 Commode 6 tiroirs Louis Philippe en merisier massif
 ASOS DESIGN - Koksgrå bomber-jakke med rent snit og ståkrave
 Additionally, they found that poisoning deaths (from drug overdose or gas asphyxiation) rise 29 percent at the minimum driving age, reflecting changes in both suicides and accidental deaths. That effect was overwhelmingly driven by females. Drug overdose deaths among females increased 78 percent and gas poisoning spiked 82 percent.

------------------------------------

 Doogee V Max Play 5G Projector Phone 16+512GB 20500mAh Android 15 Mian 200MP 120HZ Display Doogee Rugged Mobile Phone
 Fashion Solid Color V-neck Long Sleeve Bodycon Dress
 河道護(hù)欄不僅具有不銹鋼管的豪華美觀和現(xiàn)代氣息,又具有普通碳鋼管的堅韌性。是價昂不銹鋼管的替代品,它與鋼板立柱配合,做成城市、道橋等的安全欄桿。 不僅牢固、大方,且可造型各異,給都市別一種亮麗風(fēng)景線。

------------------------------------

Task prompt> Above are some lines. Repeat exactly, and only, those from the line that has "Commode 6 tiroirs" through the line that has "ASOS DESIGN - Koksgrå".

Solved exercise>
 Commode 6 tiroirs Louis Philippe en merisier massif
 ASOS DESIGN - Koksgrå bomber-jakke med rent snit og ståkrave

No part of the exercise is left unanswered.